EXERCISE AIM => An exact repetition of the data below, without images, is the expected answer.

COLLECTED DATA =>
************
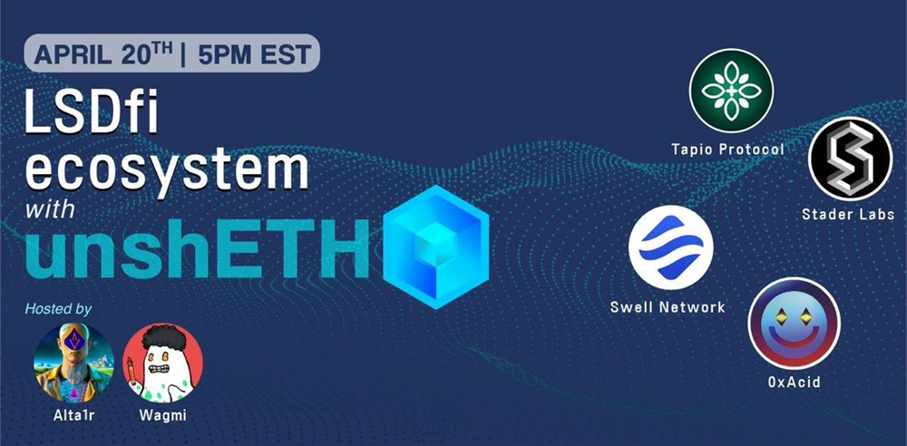 Join us on Thursday at 5pm ET for the first LSDFi Ecosystem Spaces with unshETH featuring @staderlabs_eth @TapioProtocol @0xAcidDAO @swellnetworkio hosted by @EIP_Alta1r @wagmi33. Set a reminder 👇
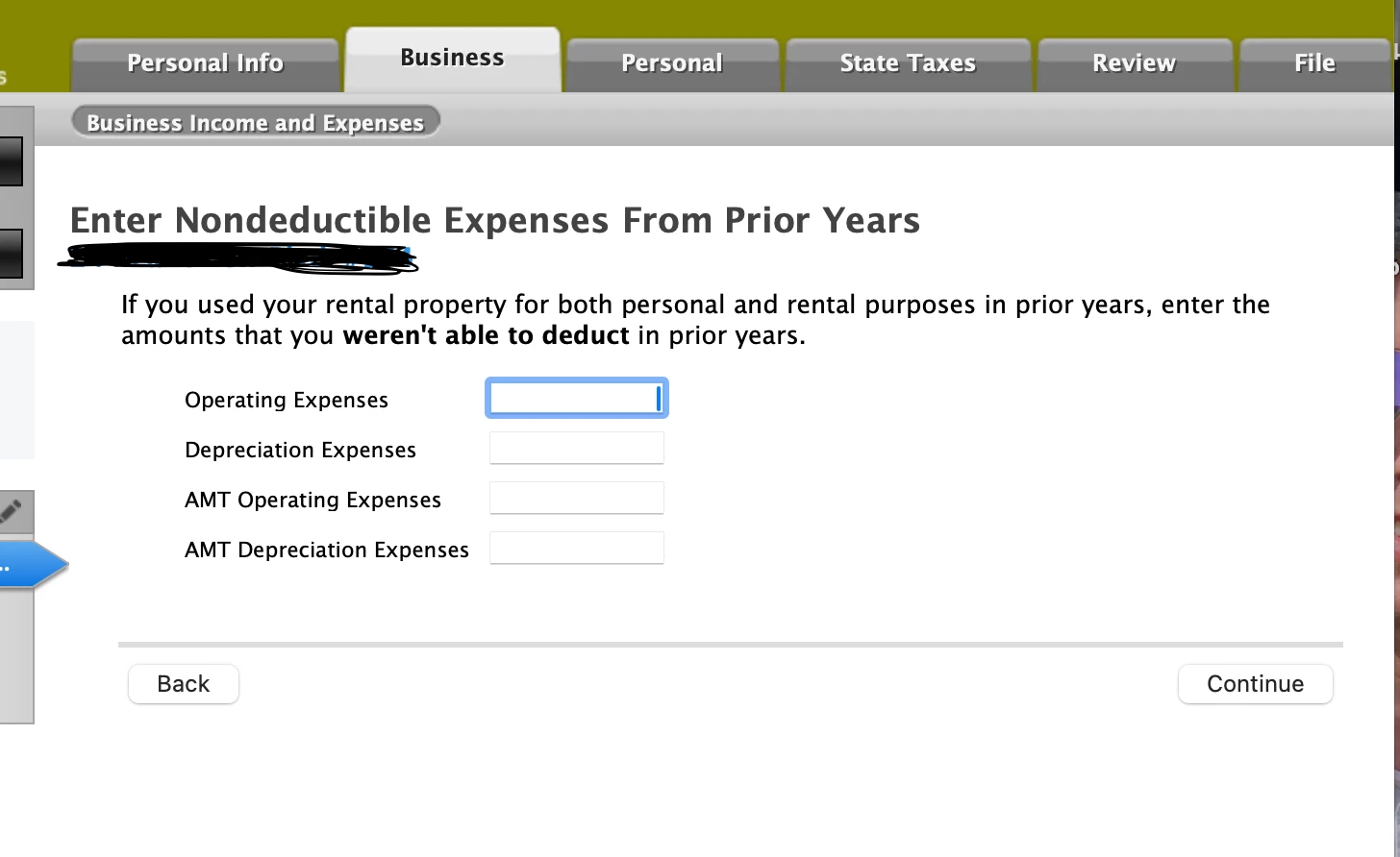 Rental Property: "Enter Nondeductible Expenses from Prior Year"
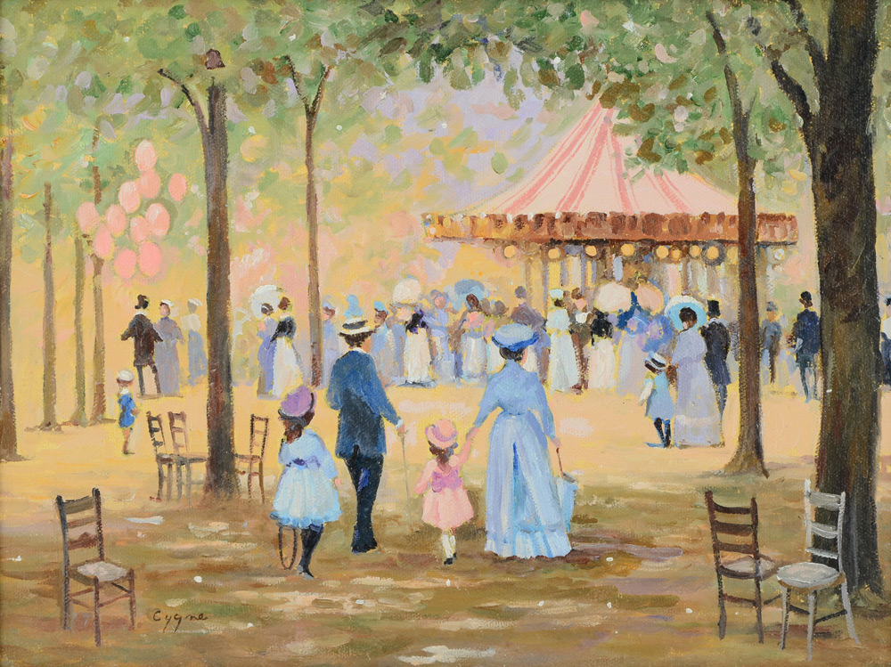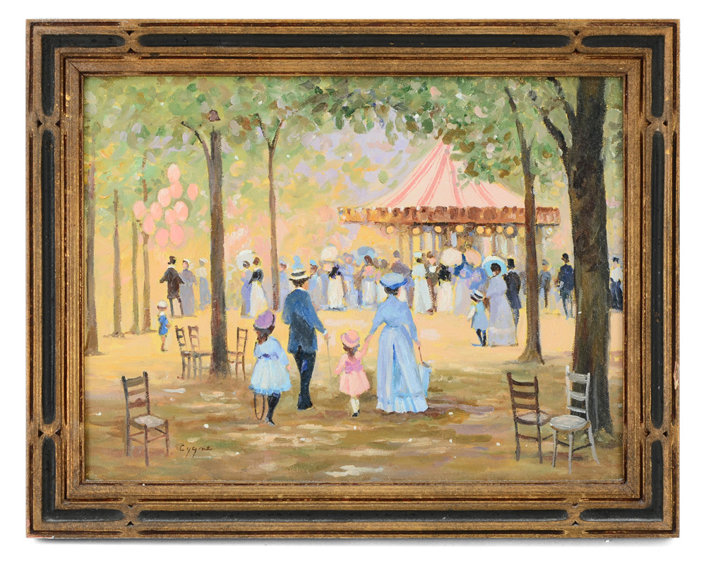 CYGNE, E.J., (French-American, 1929- ): Paris Street Scene, Oil/Canvas, 9'' x 12'', signed lower left, framed, 11 1/8'' x 14''.
************
THE COMPLETED TASK =>
 Join us on Thursday at 5pm ET for the first LSDFi Ecosystem Spaces with unshETH featuring @staderlabs_eth @TapioProtocol @0xAcidDAO @swellnetworkio hosted by @EIP_Alta1r @wagmi33. Set a reminder 👇
 Rental Property: "Enter Nondeductible Expenses from Prior Year"
 CYGNE, E.J., (French-American, 1929- ): Paris Street Scene, Oil/Canvas, 9'' x 12'', signed lower left, framed, 11 1/8'' x 14''.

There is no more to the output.